Ricardo Flores Magón

For more information, see: Ricardo Flores Magón.

Ricardo Flores Magón was one of Díaz most vocal critics. Flores Magón, an anarchist and staunch anti-capitalist, is seen by many as a harbinger of the Mexican Revolution. In 1900, he founded Regneración (renamed to Revolución in 1907), one of the most critical papers of the Porfiriato.[4] Soon after, he would become a founder of the Liberal Party of Mexico. After being jailed by the Díaz government, Flores Magón and his brothers fled to the United States and Canada in 1904. It was there that he became an anarchist and anti-American, conspiring with others to revolt against the Mexican government. Though he constantly was being quelled by Mexican and American authorities, his calls for revolt and social change inspired and frenzied rural workers and dissidents of the Porfiriato, keeping the radical opposition movement animate.

Francisco I. Madero's rise to power

For more information, see: Francisco I. Madero.

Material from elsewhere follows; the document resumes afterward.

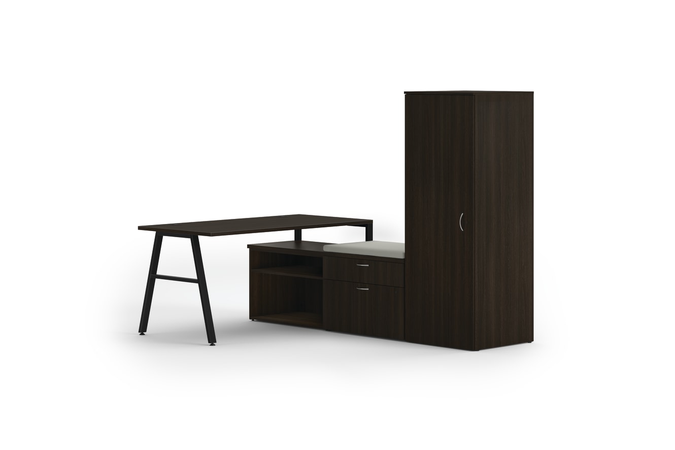 HLPL8460LDSKJA1ALEGB – Bundle; HLPLRW6030.LJA1 – Mod 60W x 24D Worksurface; HLPLSL30.BLKP – Mod External Stiffener; HLPLLEG30A.BLKP – Mod A-leg Support; HLPLCL3020S.LJA1 – Mod 30W x 20D x 21H Open Storage Cabinet for Low Credenza; HLPLCL3020BF.LJA1 – Mod 20W x 20D x 21H 2-drawer Personal Cabinet for Low Credenza; HLPLCL6020TOP.LJA1 – Mod 60W x 20D Cabinet Top; HLPLCSEAT3020.CN02 – Mod Low Credenza Cushion; HLPLW2424.LJA1 – Mod Wardrobe

Francisco I. Madero was young scion from a very rich family in the northern state of Coahuila. In 1910, he decided to challenge Díaz for the presidency. Something of a mystic, Madero believed he had a calling to rid the country of dictatorship, to provide honest democratic government, and to modernize the economy through education and better administration. Although he was not in touch with the Amerindian masses, Madero addressed some issues that matter to millions of Mexicans. In all, he offered hope for a better future. His candidacy grew as 1910 wore on.

Díaz decided to eliminate Madero's threat by the usual methods, by having Madero jailed and rigging to vote count in his own favor. Election officials declared Díaz the winner of the 1910 election by a landslide. It looked like business as usual for the 1910~1915 term.

Madero made his way to San Antonio, Texas, before unleashing a protest, in the form of a "letter from jail." He called it his Plan de San Luis Potosí.[5] Its main slogan called for "free suffrage and no re-election." He made vague reference to restoring despoiled lands to the Amerindians and the need to end political bossism. He decried the lack of schools and widespread illiteracy.

The Plan de San Luis Potosí was not a major blueprint for radical socioeconomic reform, but its most important clause was a call to military arms, rallying all Mexicans to overthrow the Díaz dictatorship on November 20, 1910.

References

  1. McCaa, Robert (2003). "Missing Millions: The Demographic Costs of the Mexican Revolution". Mexican Studies / Estudios Mexicanos 19 (2): 367–400. Retrieved on 2008-03-12.
  2. Clayton, Lawrence A.; Conniff, Michael L. (2005). A History of Modern Latin America. United States of America: Wadsworth Publishing, 285. ISBN 0534621589. 
  3. Schelling, Vivian (2000). Through the Kaleidoscope: The Experience of Modernity in Latin America. London: Verso, 188. ISBN 1859842623. Retrieved on 2008-03-12. 
  4. Raat, W. Dirk (2008-01-17). FLORES MAGÓN, RICARDO. The Handbook of Texas. Texas State Historical Association. Retrieved on 2008-03-12.